[Problem requirements]: The listing below holds pictures; exclude them. Return exactly the lines from the one with "Εντύπωση προκαλεί επίσης" through the one with "Στην παράσταση νίκης".

[Data for this task]:

+===+

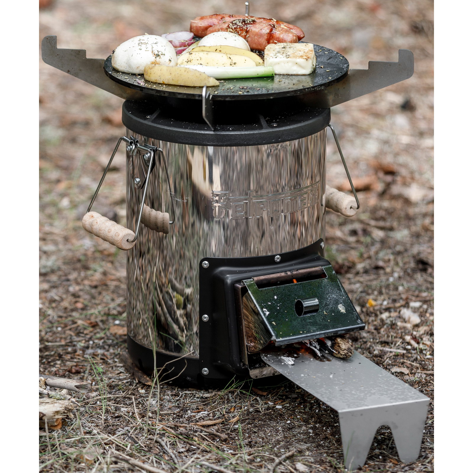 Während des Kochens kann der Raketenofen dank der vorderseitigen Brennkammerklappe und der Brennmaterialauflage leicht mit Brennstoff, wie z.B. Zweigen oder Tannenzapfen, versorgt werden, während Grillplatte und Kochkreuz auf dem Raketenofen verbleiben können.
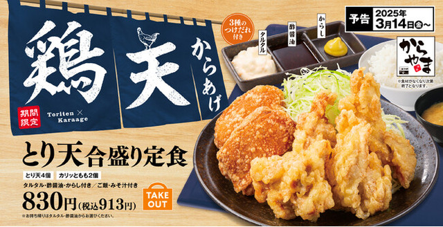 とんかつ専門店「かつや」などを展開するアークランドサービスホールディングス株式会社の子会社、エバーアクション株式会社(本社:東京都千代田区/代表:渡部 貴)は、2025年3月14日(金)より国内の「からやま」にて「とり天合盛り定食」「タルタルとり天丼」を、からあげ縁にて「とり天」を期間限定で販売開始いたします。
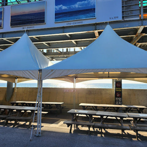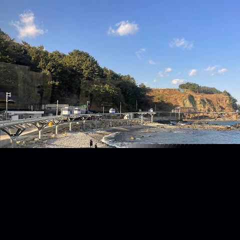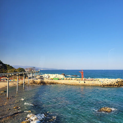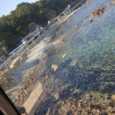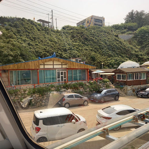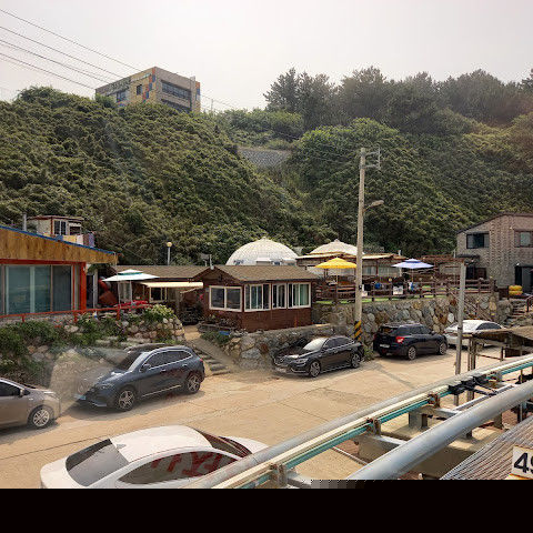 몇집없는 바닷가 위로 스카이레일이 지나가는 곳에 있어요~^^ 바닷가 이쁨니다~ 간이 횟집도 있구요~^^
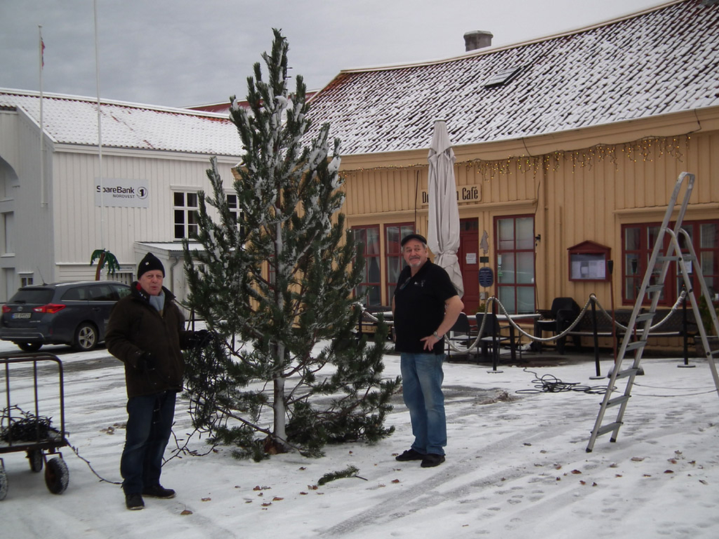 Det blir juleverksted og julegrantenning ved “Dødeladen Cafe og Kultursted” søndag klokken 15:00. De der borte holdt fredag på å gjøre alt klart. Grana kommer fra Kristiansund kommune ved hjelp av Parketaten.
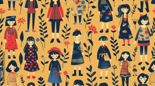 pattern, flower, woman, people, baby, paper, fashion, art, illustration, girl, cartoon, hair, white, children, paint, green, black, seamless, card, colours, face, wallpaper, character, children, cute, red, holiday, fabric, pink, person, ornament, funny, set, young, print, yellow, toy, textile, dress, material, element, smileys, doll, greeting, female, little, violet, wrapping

+===+

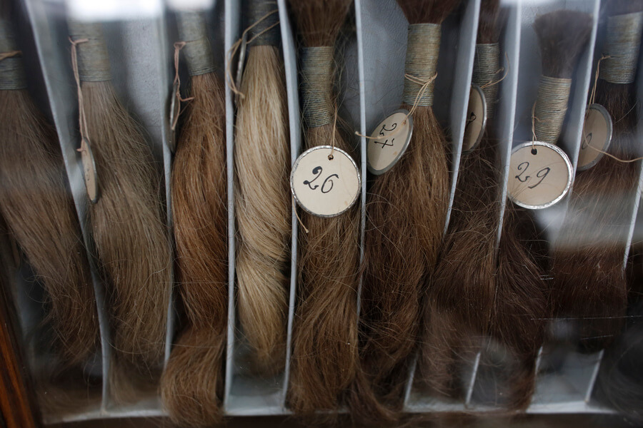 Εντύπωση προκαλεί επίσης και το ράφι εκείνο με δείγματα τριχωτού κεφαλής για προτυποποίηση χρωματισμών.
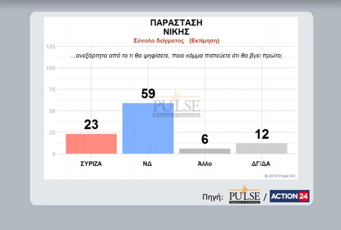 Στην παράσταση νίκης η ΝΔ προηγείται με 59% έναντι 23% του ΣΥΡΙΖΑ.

+===+

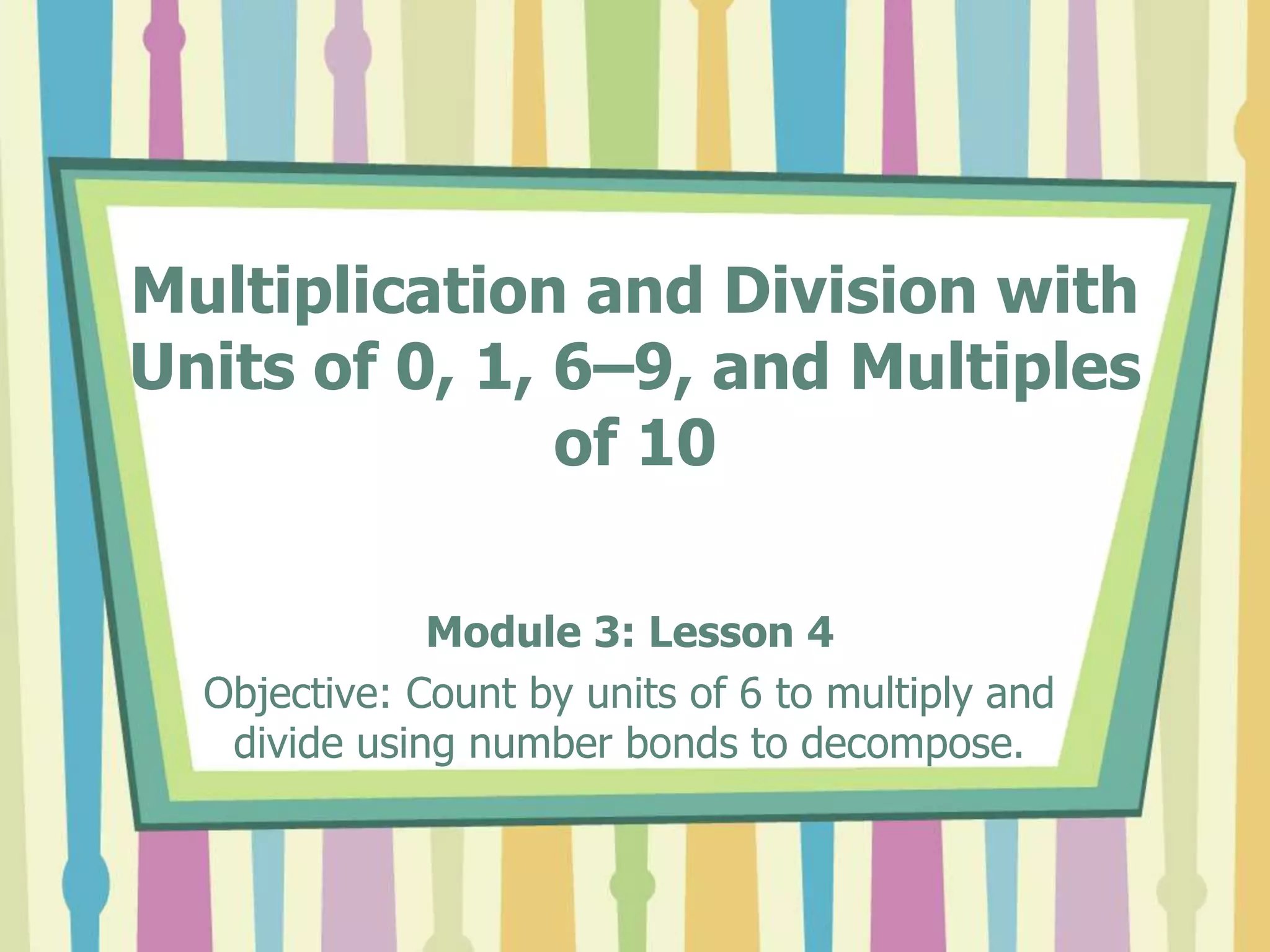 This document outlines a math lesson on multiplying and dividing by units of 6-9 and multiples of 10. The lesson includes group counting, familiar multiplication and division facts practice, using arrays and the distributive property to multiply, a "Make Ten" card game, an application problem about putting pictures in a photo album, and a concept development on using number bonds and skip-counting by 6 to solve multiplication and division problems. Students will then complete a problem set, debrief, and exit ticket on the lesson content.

+===+

[Response to this task]:
 Εντύπωση προκαλεί επίσης και το ράφι εκείνο με δείγματα τριχωτού κεφαλής για προτυποποίηση χρωματισμών.
 Στην παράσταση νίκης η ΝΔ προηγείται με 59% έναντι 23% του ΣΥΡΙΖΑ.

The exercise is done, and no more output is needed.